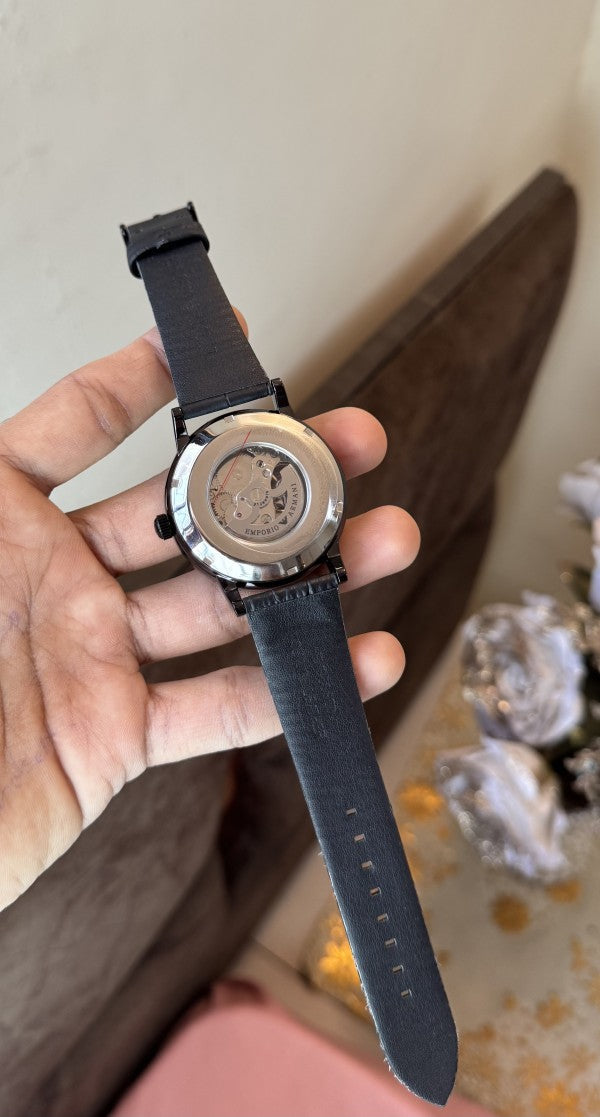 Emporio Armani Meccanico – Black Leather Automatic WatchTimeless elegance meets mechanical artistry in the Emporio Armani Meccanico (inspired edition). Designed with a sleek black leather strap and a precision automatic skeleton dial, this premium piece reflects the signature style of the Armani legacy.
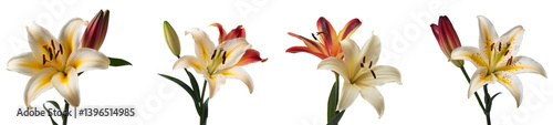 © Keshawn, Fototapeta premium four tiger lily flowers on white background
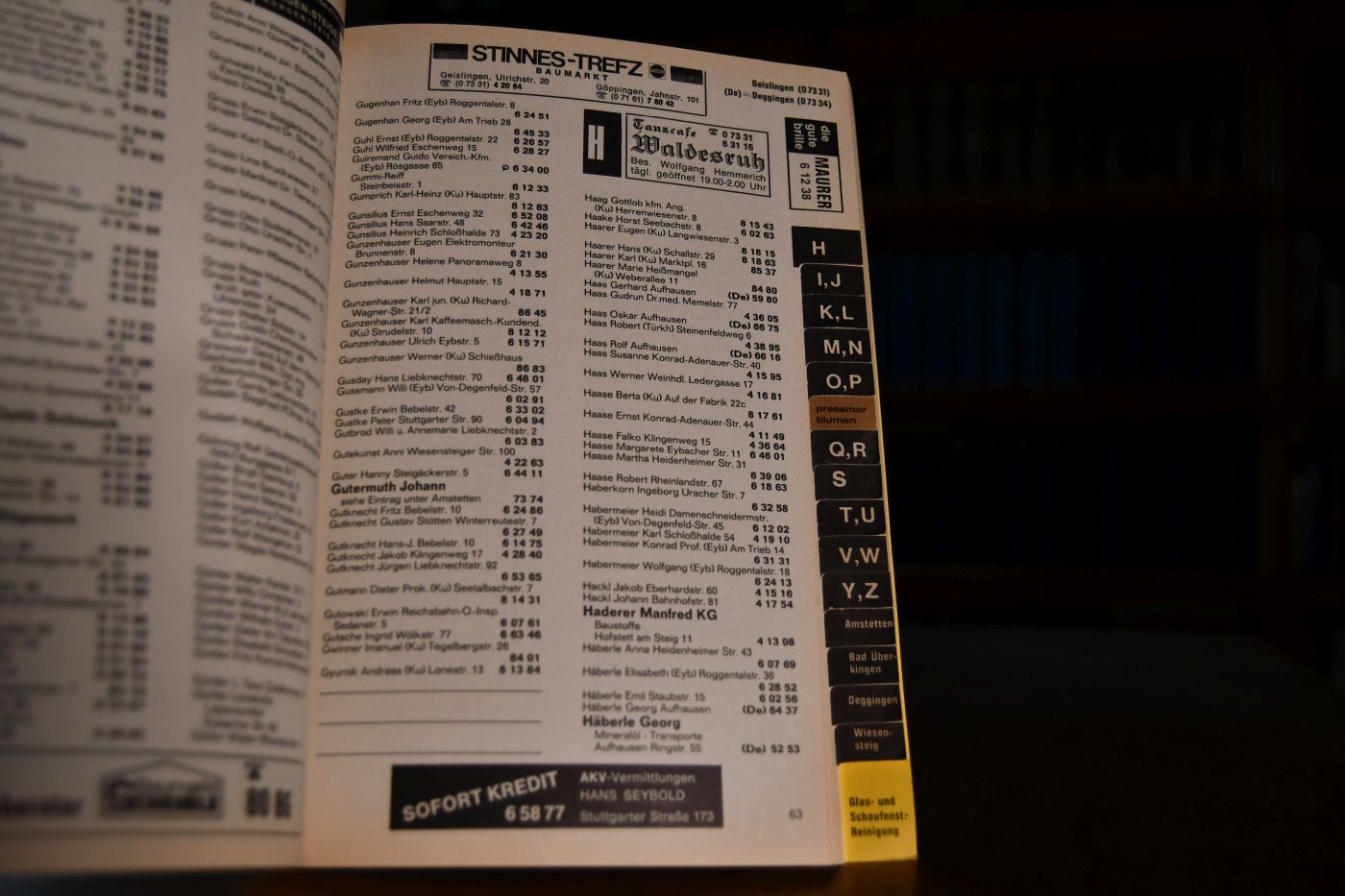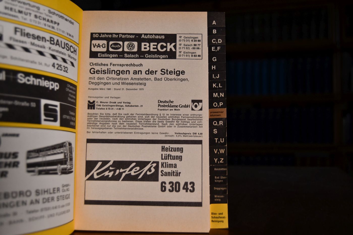 Örtliches Fernsprechbuch Geislingen an der Steige mit den Ortsnetzen Amstetten, Bad Überkingen, Deggingen und Wiesensteig.
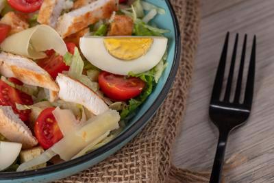 Nimic nu se compara cu o salata Caesar autentica. Aceasta combinatie perfecta de salata iceberg, parmezan ras, crutoane, ou si piept de pui rumenit este completata de celebrul sos Caesar. Cu o textura bogata si un gust complex, aceasta salata este o alegere excelenta pentru cei ce iubesc combinatia de ingrediente proaspete si satioase.
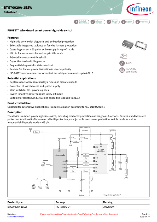 12 V | 2.2 mΩ | 21.5 A | integrated I²t wire protection| automatic Idle mode | 1 channel smart high-side power switch | analog current sense, sequential diagnosis | PG-TSDSO-24 | ISO 26262-compliant | PROFET™ Wire Guard 12V The single-channel high-side power switch BTG70020A-1ESW, member of the PROFET™ Wire Guard family, is designed for wire protection in modern automotive E/E architectures. It is equipped with integrated I²t wire protection, and enhanced diagnostic capabilities. Its adjustable overcurrent
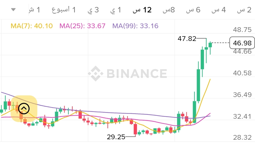 نحن نرى تشكلاً كلاسيكياً لقيعان أعلى متتالية، مما يؤكد على أن الثيران قد سيطروا على المشهد تماماً. المتوسطات المتحركة (MA 7, MA 25, MA 99) بدأت تترتب بشكل صاعد، مما يعزز هذا الاتجاه.
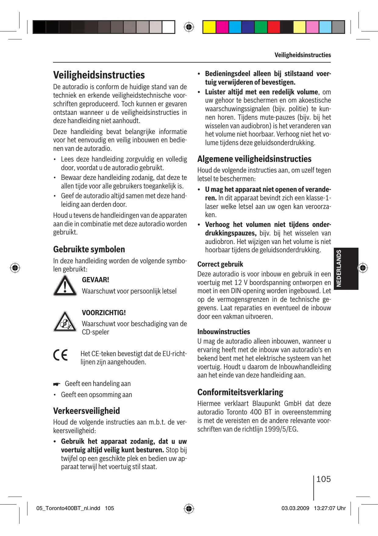 Conformiteitsverklaring Hiermee verklaart Blaupunkt GmbH dat deze autoradio Toronto 400 BT in overeenstemming is met de vereisten en de andere relevante voorschriften van de richtlijn 1999/5/EG.
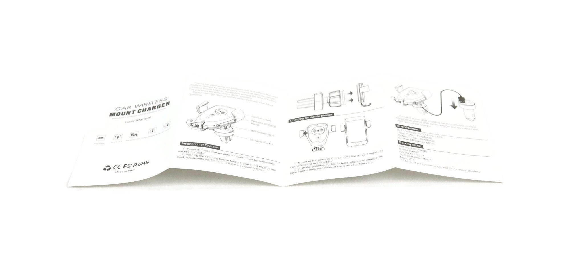 - Includes - (1) Wireless Car Charger, (1) Micro USB Charge Cable, (1) Mount Clip with Sticky Pad & User Manual; comes as shown in the first image
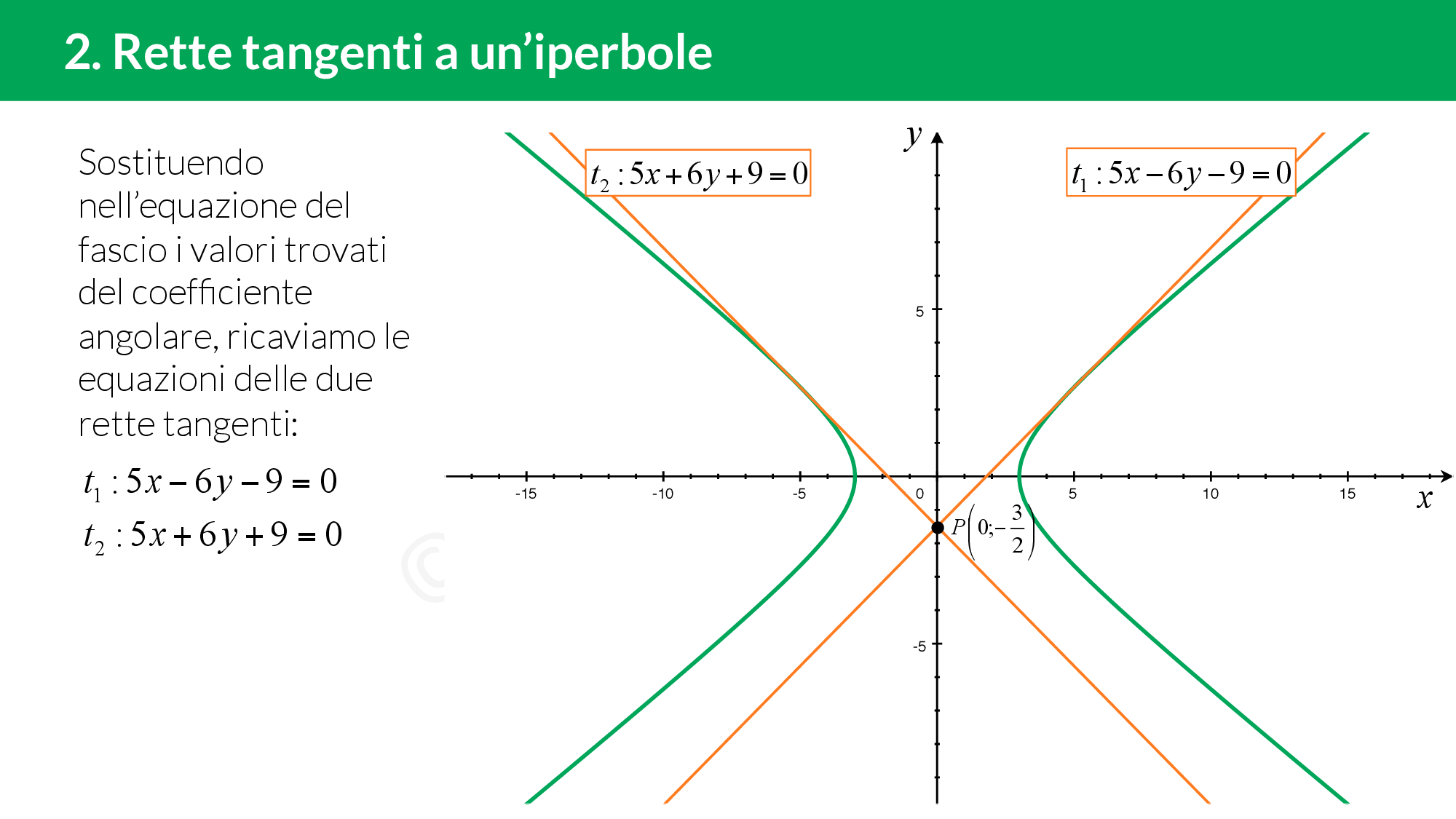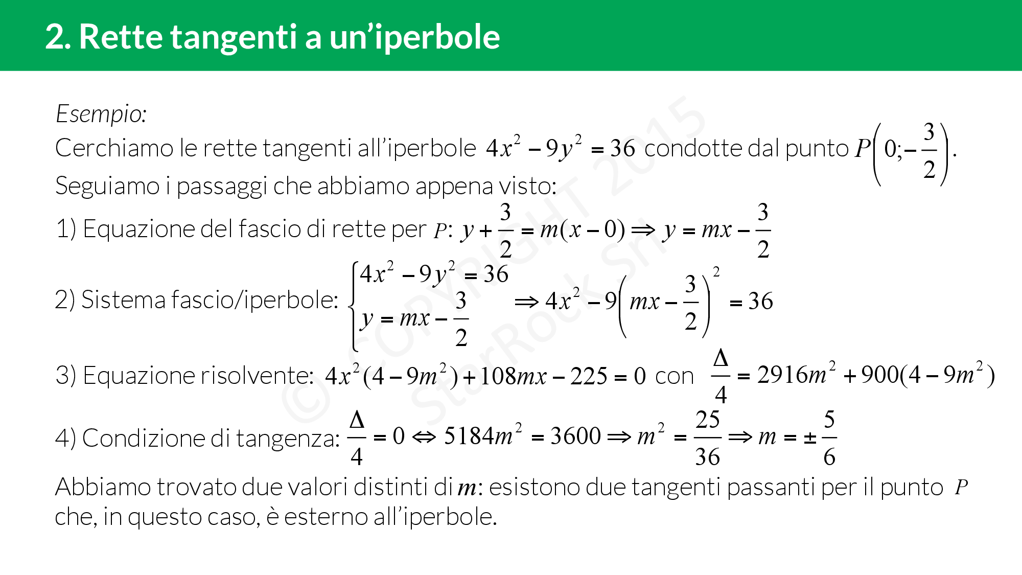 - 2 soluzioni reali e distinte: ci sono due rette tangenti passanti per £$P$£ che, in questo caso, è esterno all’iperbole;
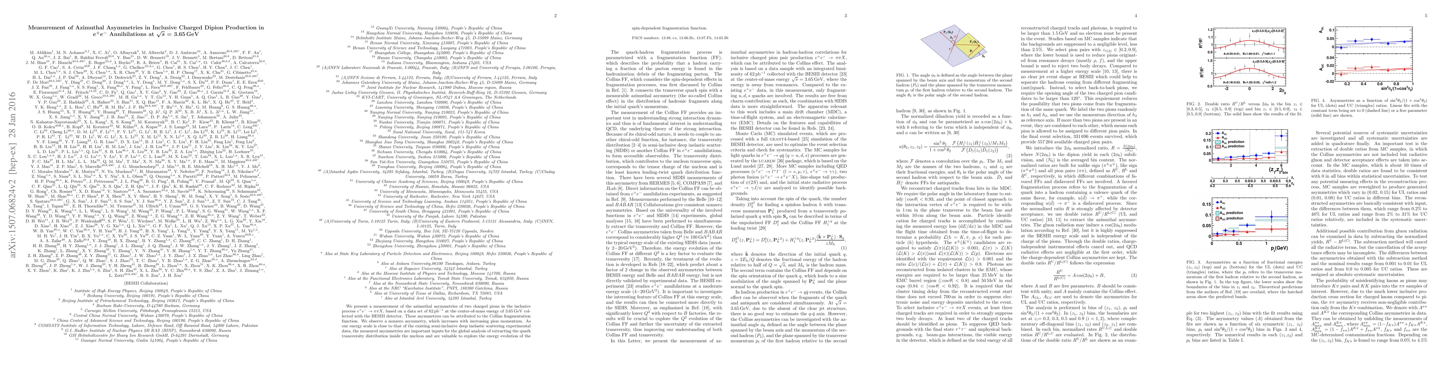 This study measures azimuthal asymmetries in inclusive charged dipion production from $e^+e^-$ annihilations at $\sqrt{s} = 3.65$ GeV, revealing a nonzero asymmetry linked to the Collins fragmentation function that increases with pion momentum. These findings are crucial for global analyses of the quark transversity distribution and the energy evolution of the spin-dependent fragmentation function.

**What you should do:** From the very first line of the listing above through the line that holds "Örtliches Fernsprechbuch Geislingen", write out each line exactly as it stands, leaving pictures out.

**Written solution:**
 Emporio Armani Meccanico – Black Leather Automatic WatchTimeless elegance meets mechanical artistry in the Emporio Armani Meccanico (inspired edition). Designed with a sleek black leather strap and a precision automatic skeleton dial, this premium piece reflects the signature style of the Armani legacy.
 © Keshawn, Fototapeta premium four tiger lily flowers on white background
 Örtliches Fernsprechbuch Geislingen an der Steige mit den Ortsnetzen Amstetten, Bad Überkingen, Deggingen und Wiesensteig.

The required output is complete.